(Stored items)
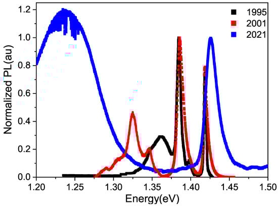 Normalized photoluminescence spectra obtained using a 488 nm laser at a temperature of 300 K, taken on different dates for an undoped GaAs sample. Spectrum in black taken from reference [15] and in red taken from [17].
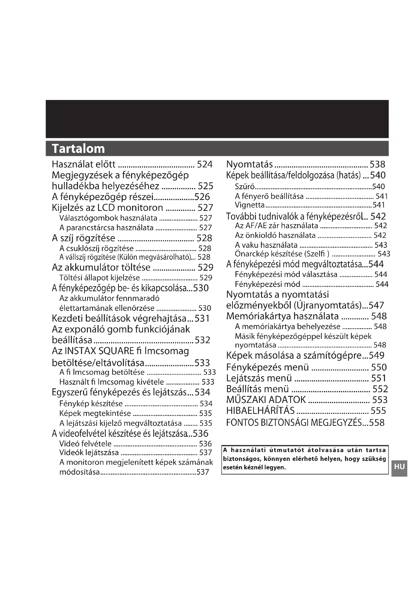 A termeket aBiztonsag figyelembe vetelevel terveztuk, esBiztonsagos mukodesre képes, ha rendeltetesszeruen, valamint a hasznalati utmutatónak es az utasitásoknak megfeleloen hasznaljak. Fontos, hogy a termeket es az INSTAX filmet is rendeltetesszerüen hasznaljak, es a felveteleket csak az itt, illetve az INSTAX mini filmvez mellekelt utasitásokban leirtak szerint nyomtassák. A konnyuésbiztonsagos hasznalat erdekében kovesse a jelen hasznalati utmutatóban leirtakat. Ajnlott ezt az utmutatot biztonsagos, konnyen elerhetohelyen tartani, hogy szükség eseten kéznél legyen.
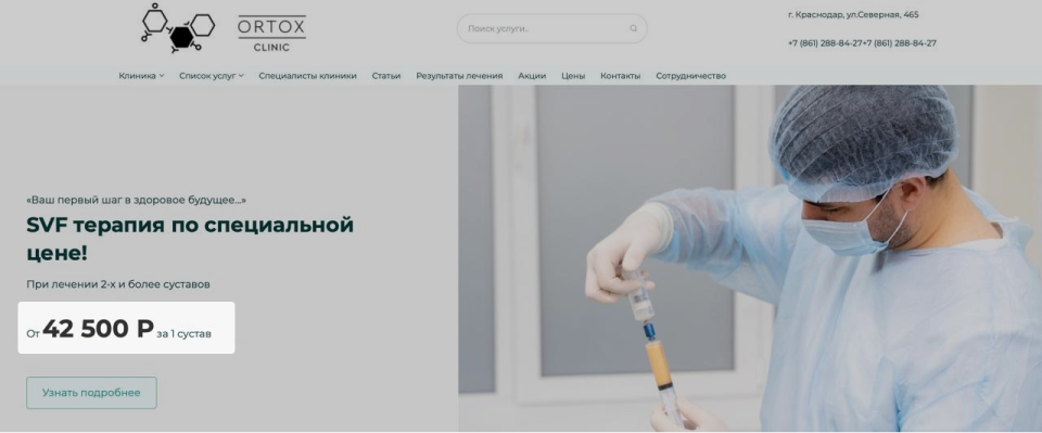 Клиника ORTOX. У компании было сильное SEO-продвижение и проработанные тексты, но нейропоиск не показывал сайт в коротких ответах. Основная причина — нехватка оцифрованных данных: на сайте мало конкретных цифр, структура услуг неясна, а во внешних источниках нет подтверждений — рейтингов, кейсов или отзывов.
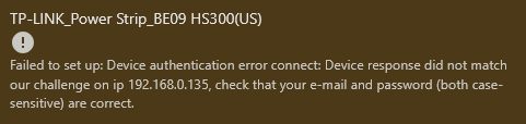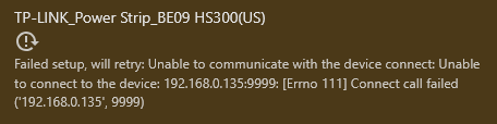 I have 27 various TP-LINK smart plugs and switches happily connecting to my Home Assistant for a very long time. I just now upgraded from 11.1 to 11.2 and now my HS300 power strip is not connecting.
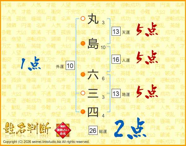 丸島六三四さんの総運は26画の2点!
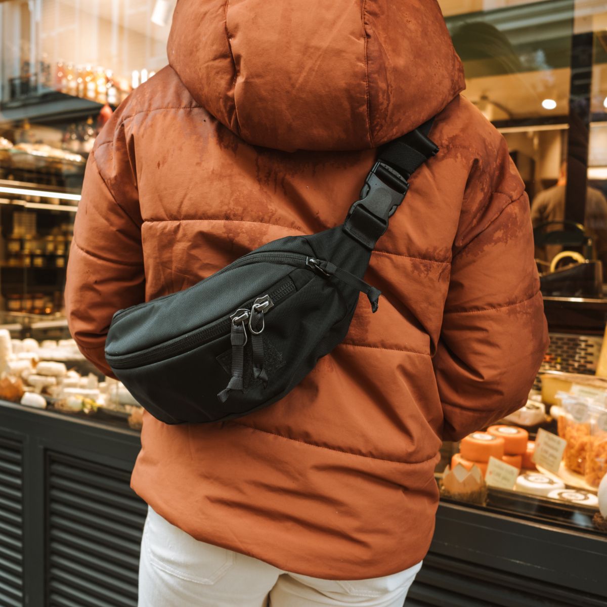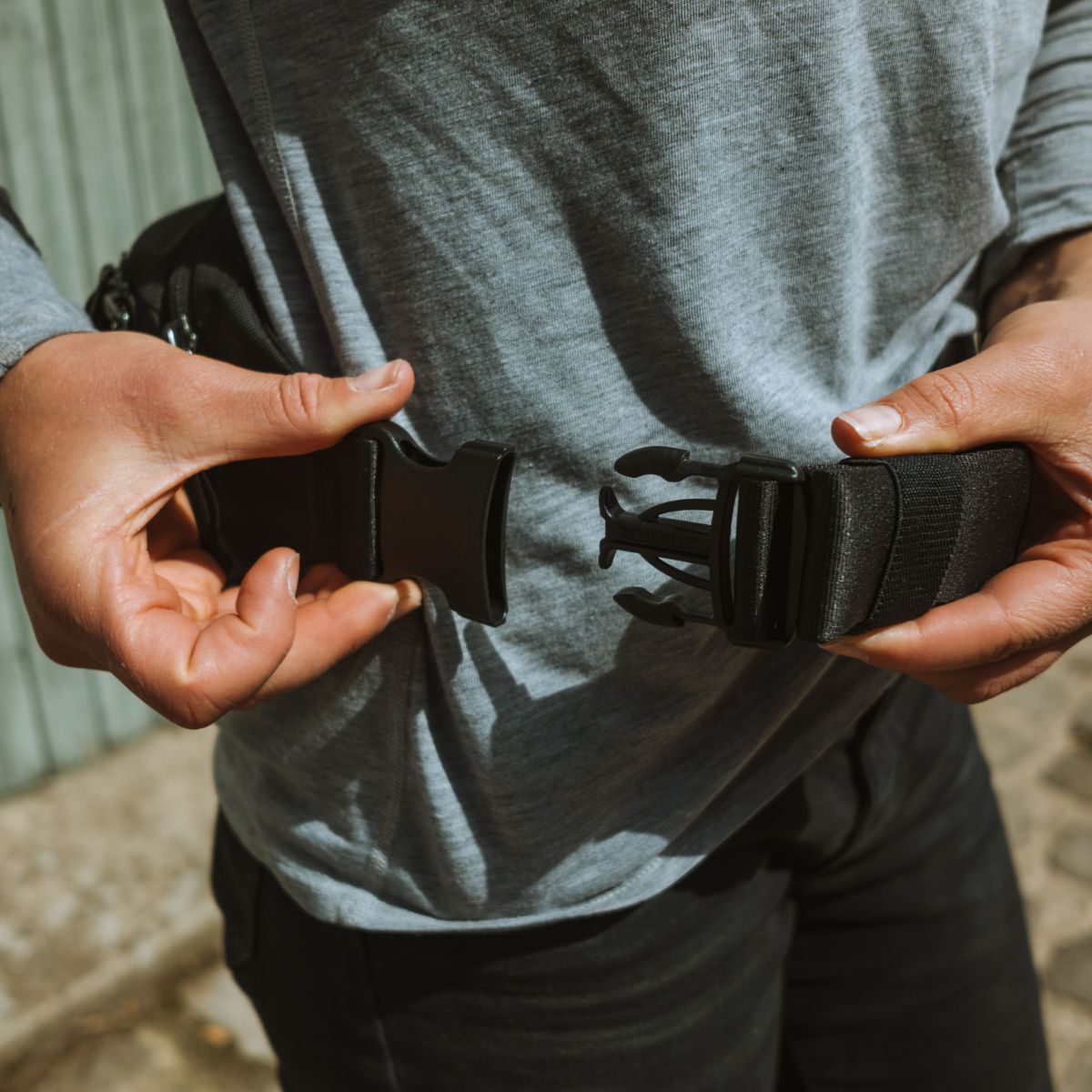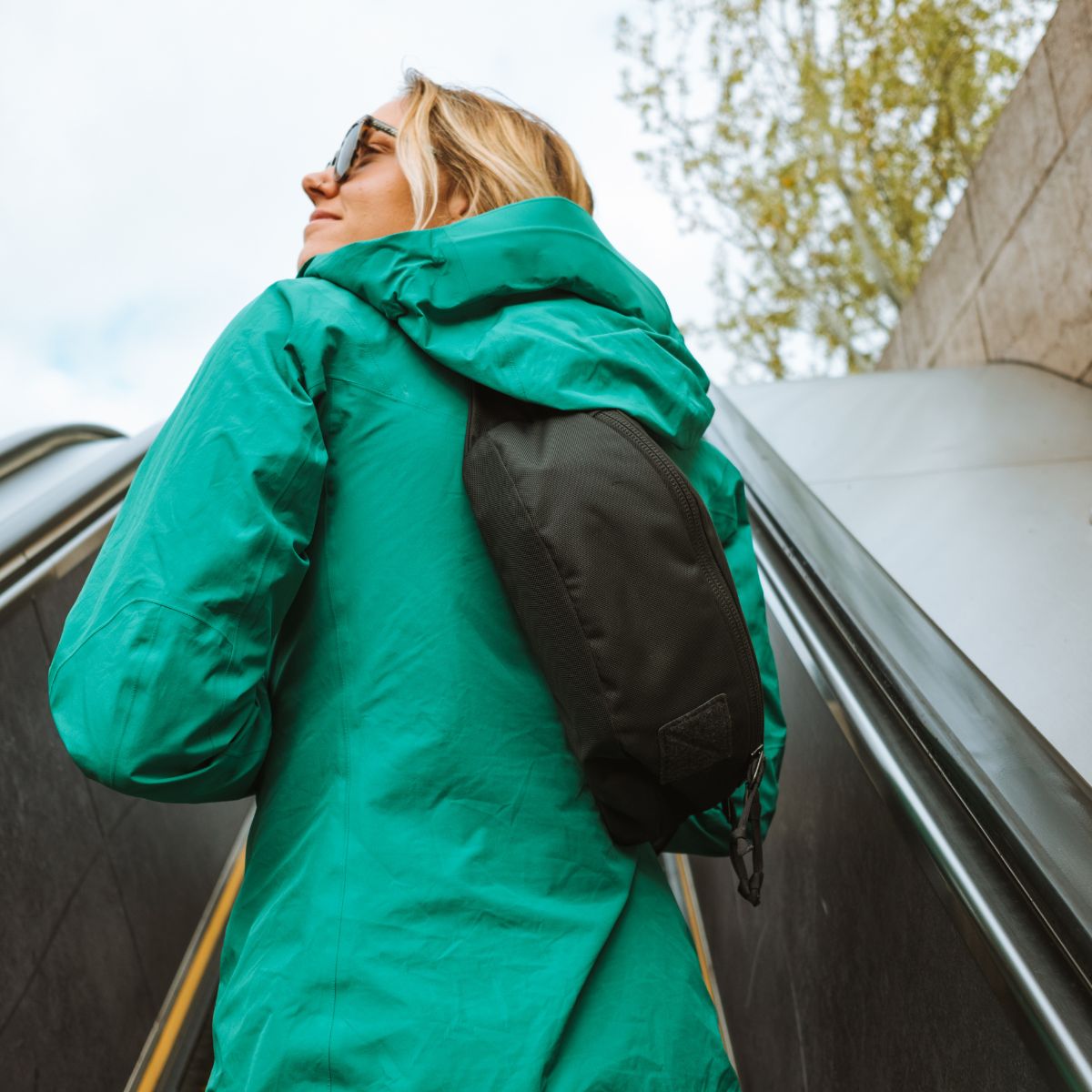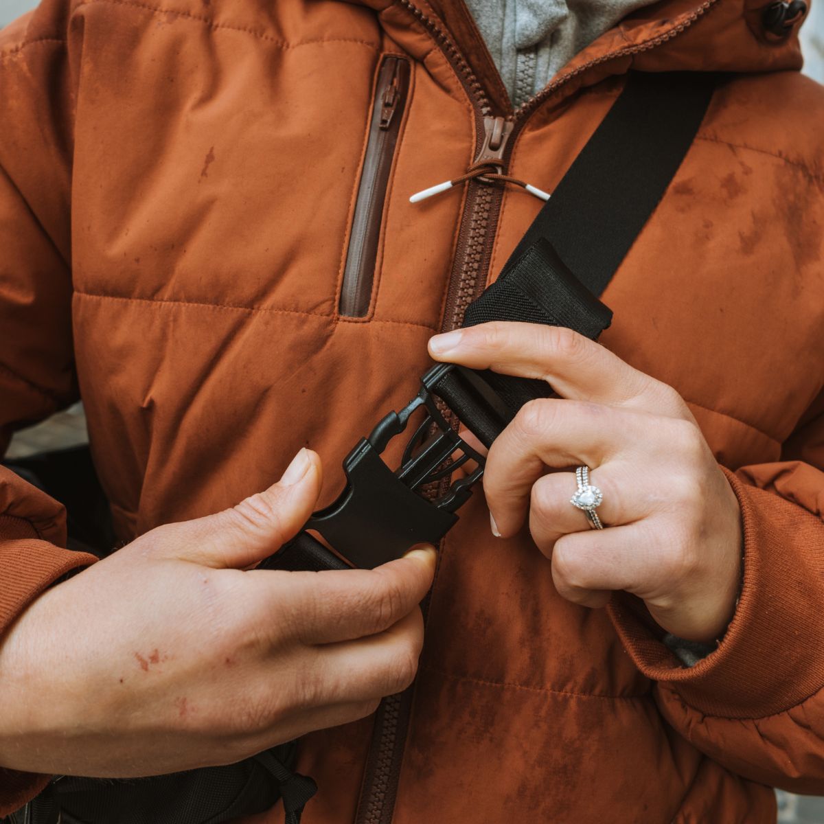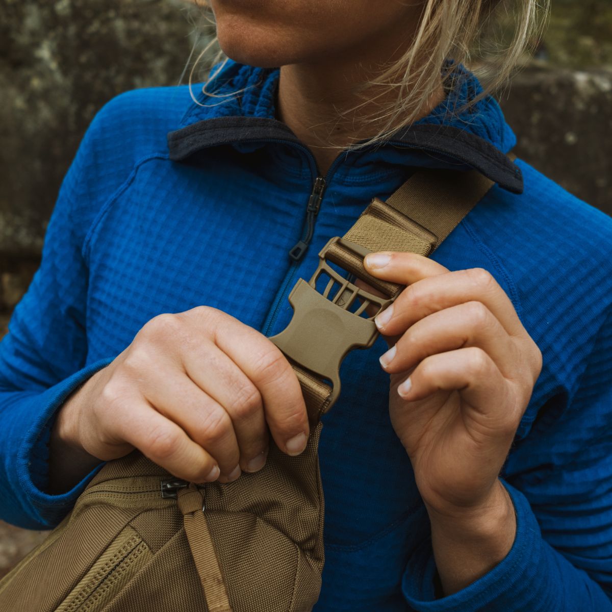 We updated the buckle and strap configuration to improve its function and maintain its streamlined aesthetics. The buckle is now on the sling’s side and includes a sleek strap keeper.

WHAT TO DO> Above are entries with pictures among them. Write out exactly the lines from the one containing "Клиника ORTOX. У" through the one containing "丸島六三四さんの総運は26画の2点!", ends included, and leave those pictures out.

RESPONSE TO THIS EXERCISE>
 Клиника ORTOX. У компании было сильное SEO-продвижение и проработанные тексты, но нейропоиск не показывал сайт в коротких ответах. Основная причина — нехватка оцифрованных данных: на сайте мало конкретных цифр, структура услуг неясна, а во внешних источниках нет подтверждений — рейтингов, кейсов или отзывов.
 I have 27 various TP-LINK smart plugs and switches happily connecting to my Home Assistant for a very long time. I just now upgraded from 11.1 to 11.2 and now my HS300 power strip is not connecting.
 丸島六三四さんの総運は26画の2点!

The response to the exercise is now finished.